- **Material for this task**:
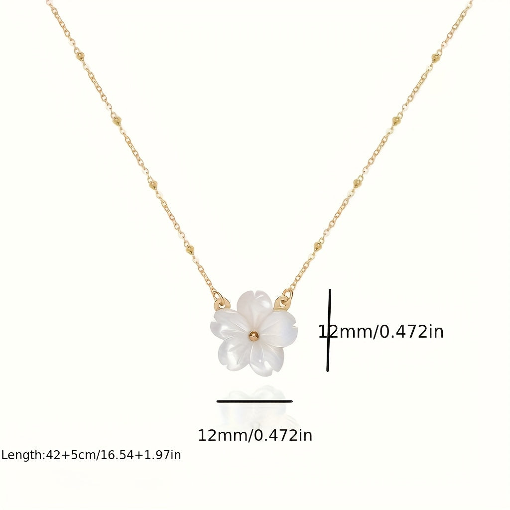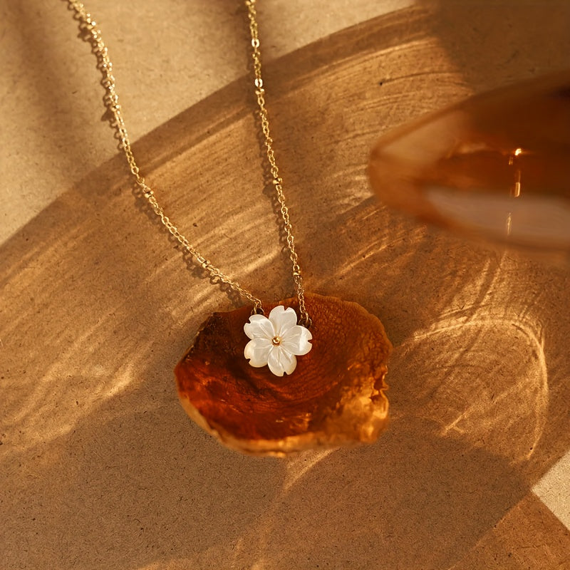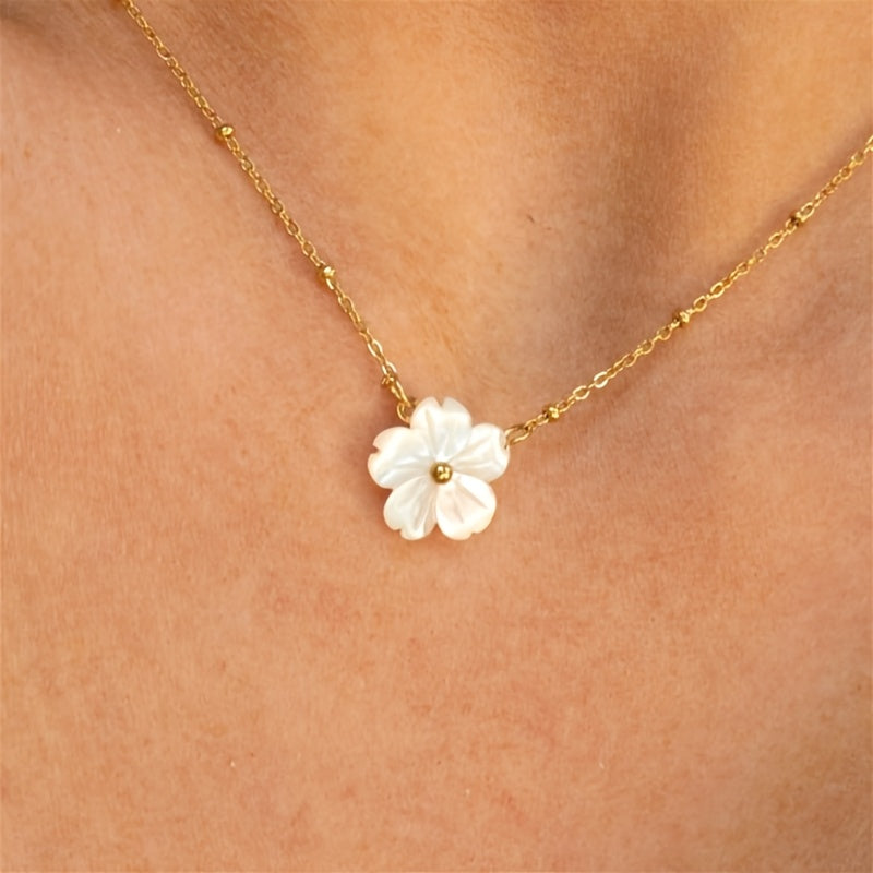 Add a touch of elegance to your outfit with this stainless steel floral necklace featuring a golden tone chain. Inspired by French design, this piece is perfect for both casual and formal wear.
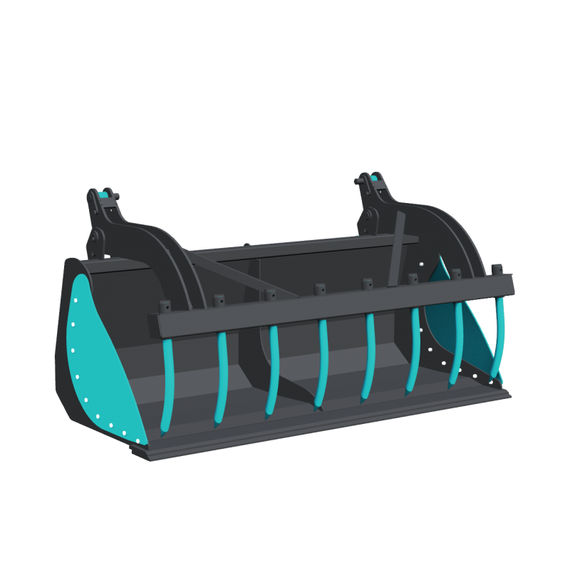 Bucket with forged tines grapple for loaders and tractors with power range from 80 hp to 130 hp
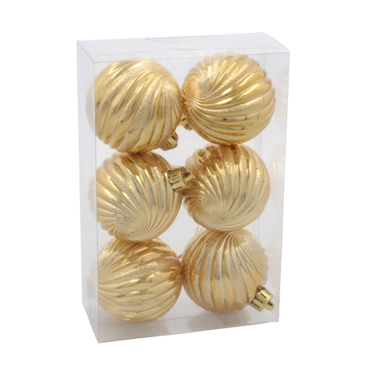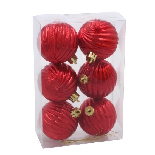 Donnez à votre sapin une brillance classique avec un set de six boules de Noël de 6 cm de diamètre, en rouge, or et argent. Les décorations sont en matériau incassable, légères et sûres pour les enfants, avec un relief spiralé brillant et des ficelles pratiques pour un accrochage facile.
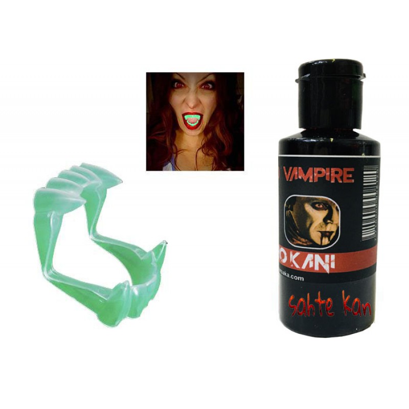 ÜRÜN ÖZELLİKLERİ Çift Damak Takma Vampir Dişi ve Tiyatro Kanı Takma Diş Ürün Malzemesi : Plastik Ürün tamamen zararsızdır Ürün Rengi : Fosforlu Yeşil Esnek Yapı Sayesinde Kolay Bir Şekilde Ürünü Takabilirsiniz Kostümlerinizi tamamlayıcı harika bir ürün Takma Diş Ürün Ölçüsü : 4 cm x 5 cm Tiyatro Kanı : 1 adet 50 gr yapay boya kan (cilde zararsızdır , gıda boyasından yapılmıştır ve ıslak mendille kolayca çıkarabilirsiniz leke bırakmaz)
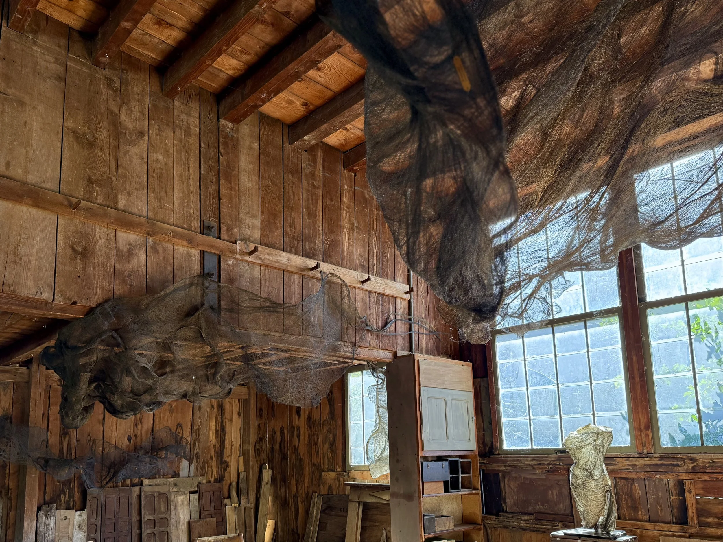 Christelle a installé plusieurs sculptures de fil avec l'envie de dialoguer avec ces immenses toiles d’araignées qui font de cet atelier un biotope unique. Ce qui permet cette prolifération, c’est l’abondance de la lumière qui inonde cet atelier de tous les côtés, et, l'artiste a placé ses « créatures de fil » de manière à capter cette précieuse énergie. Par les interstices des planches, des filets de lumière viennent traverser, fendre, jouer et projeter des ombres qui palpitent …
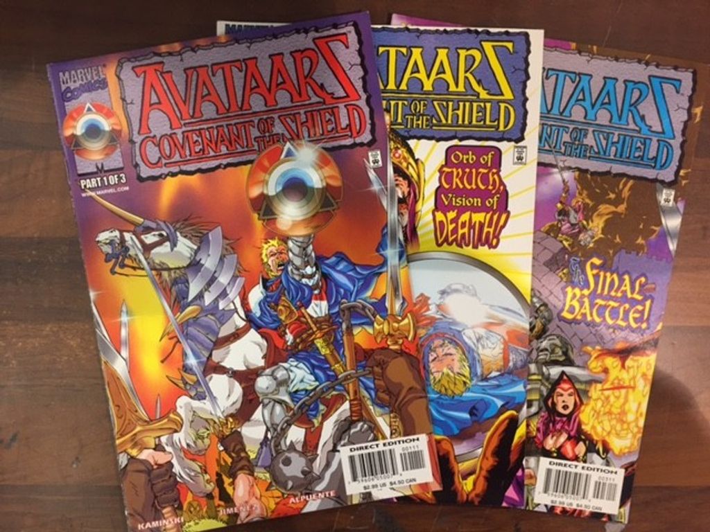 The Marvel Universe meets Lord of the Rings and unleashes a new team of costumed adventurers! In the far-off realm of Eurth, a deadly experiment is underway? One that could have dire ramifications for our world! There, in this place of fantasy and magic, the legendary Captain Avalon has gathered a band of hauntingly-familiar yet totally new characters to meeet the challenge of the Dreadlord! Standing against his dark power are the roguish archer Blackthorn; the roughneck Greenskin Smashtroll (who can't seem hold his meade); Warmaker, the middle-aged master of battle; the half-man/half-beast Nighthowl; Ironheart, the tragic knight; the flame-golem Scorch; Duke Ctranj, the mage of Avalon and more! But when Captain Avalon's son is abducted, these defenders of the realm must embark on a perilous quest to seek his return!
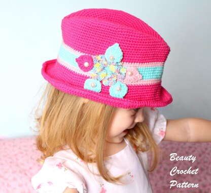 This beautiful stylish hat comes in 3 sizes: Toddler, Child (3-10 years), Teen-Adult Pattern is suitable also for boys but made in different colors and of couse without flower applique :)
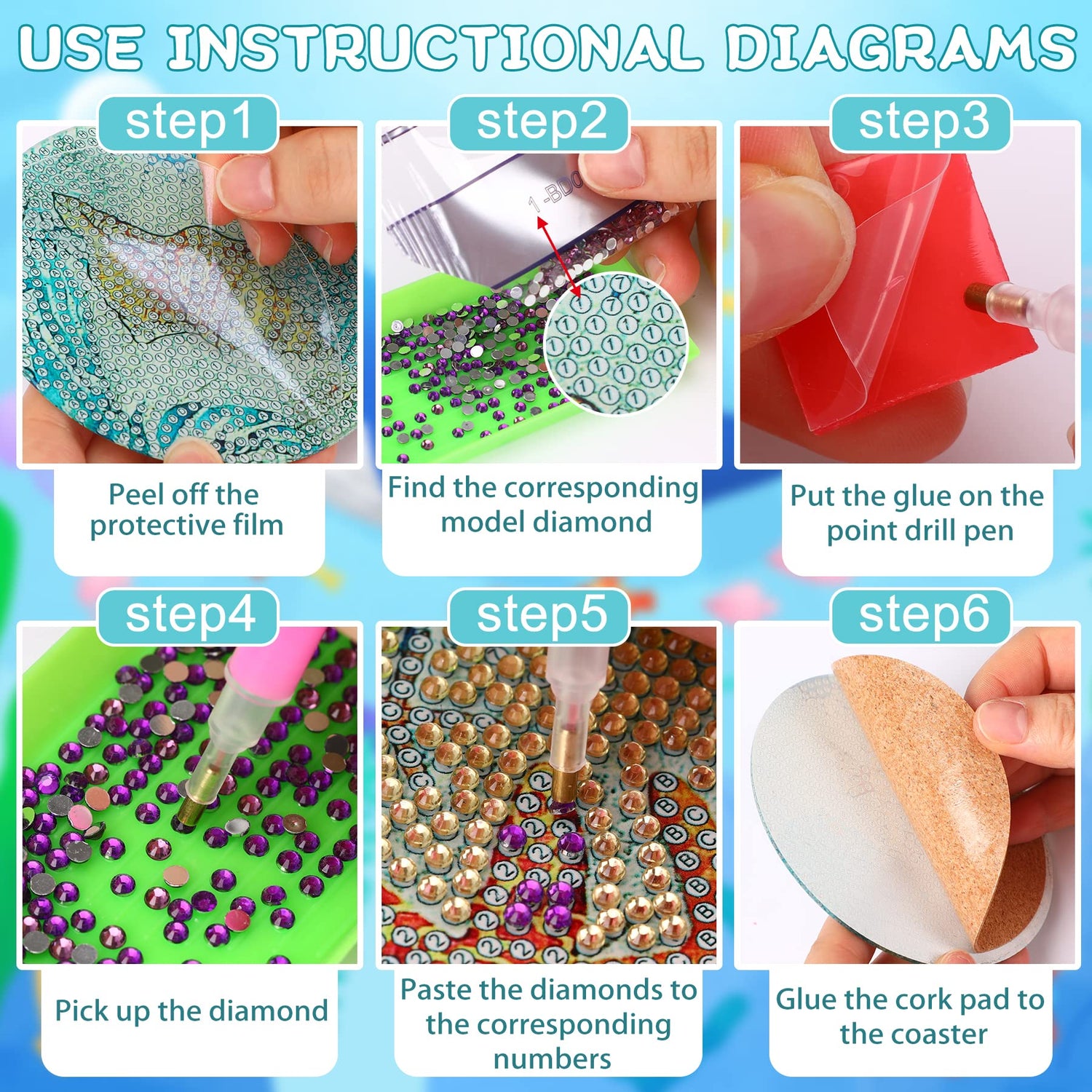 - Easy to Use: Our DIY diamond art painting Coasters kits with Holder are equipped with drawing tools that can help you with your making. The making process is as followed. Firstly, tear off the film of the coasters, then pick up the diamonds you need according to the numbers of the coaster. Lastly, stick the diamonds on the coaster
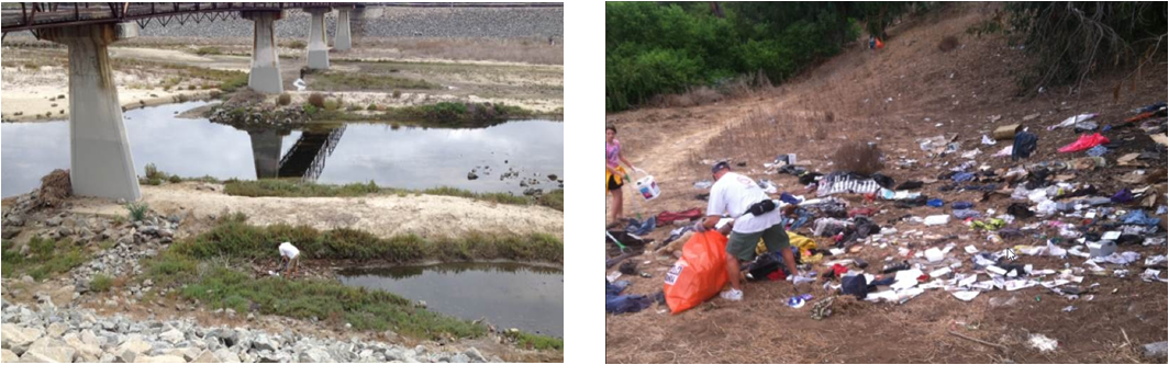 Volunteer cleanup area of Lower Santa Ana River with collected Mobile Data Collection locations
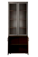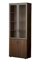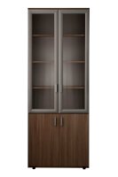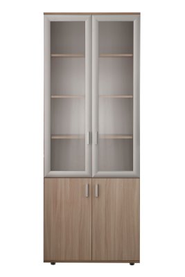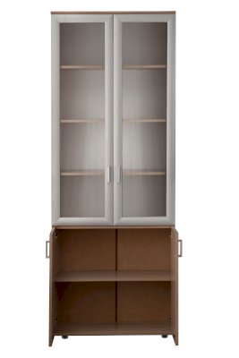 Закрытый шкаф для документов. За дверцами расположены вместительные полки. Стеклянные дверцы, придают конструкции визуальную легкость.

- **Activity**:
When you copy the records above, keep every word exact and leave out the pictures they contain.

- **Your response**:
 Add a touch of elegance to your outfit with this stainless steel floral necklace featuring a golden tone chain. Inspired by French design, this piece is perfect for both casual and formal wear.
 Bucket with forged tines grapple for loaders and tractors with power range from 80 hp to 130 hp
 Donnez à votre sapin une brillance classique avec un set de six boules de Noël de 6 cm de diamètre, en rouge, or et argent. Les décorations sont en matériau incassable, légères et sûres pour les enfants, avec un relief spiralé brillant et des ficelles pratiques pour un accrochage facile.
 ÜRÜN ÖZELLİKLERİ Çift Damak Takma Vampir Dişi ve Tiyatro Kanı Takma Diş Ürün Malzemesi : Plastik Ürün tamamen zararsızdır Ürün Rengi : Fosforlu Yeşil Esnek Yapı Sayesinde Kolay Bir Şekilde Ürünü Takabilirsiniz Kostümlerinizi tamamlayıcı harika bir ürün Takma Diş Ürün Ölçüsü : 4 cm x 5 cm Tiyatro Kanı : 1 adet 50 gr yapay boya kan (cilde zararsızdır , gıda boyasından yapılmıştır ve ıslak mendille kolayca çıkarabilirsiniz leke bırakmaz)
 Christelle a installé plusieurs sculptures de fil avec l'envie de dialoguer avec ces immenses toiles d’araignées qui font de cet atelier un biotope unique. Ce qui permet cette prolifération, c’est l’abondance de la lumière qui inonde cet atelier de tous les côtés, et, l'artiste a placé ses « créatures de fil » de manière à capter cette précieuse énergie. Par les interstices des planches, des filets de lumière viennent traverser, fendre, jouer et projeter des ombres qui palpitent …
 The Marvel Universe meets Lord of the Rings and unleashes a new team of costumed adventurers! In the far-off realm of Eurth, a deadly experiment is underway? One that could have dire ramifications for our world! There, in this place of fantasy and magic, the legendary Captain Avalon has gathered a band of hauntingly-familiar yet totally new characters to meeet the challenge of the Dreadlord! Standing against his dark power are the roguish archer Blackthorn; the roughneck Greenskin Smashtroll (who can't seem hold his meade); Warmaker, the middle-aged master of battle; the half-man/half-beast Nighthowl; Ironheart, the tragic knight; the flame-golem Scorch; Duke Ctranj, the mage of Avalon and more! But when Captain Avalon's son is abducted, these defenders of the realm must embark on a perilous quest to seek his return!
 This beautiful stylish hat comes in 3 sizes: Toddler, Child (3-10 years), Teen-Adult Pattern is suitable also for boys but made in different colors and of couse without flower applique :)
 - Easy to Use: Our DIY diamond art painting Coasters kits with Holder are equipped with drawing tools that can help you with your making. The making process is as followed. Firstly, tear off the film of the coasters, then pick up the diamonds you need according to the numbers of the coaster. Lastly, stick the diamonds on the coaster
 Volunteer cleanup area of Lower Santa Ana River with collected Mobile Data Collection locations
 Закрытый шкаф для документов. За дверцами расположены вместительные полки. Стеклянные дверцы, придают конструкции визуальную легкость.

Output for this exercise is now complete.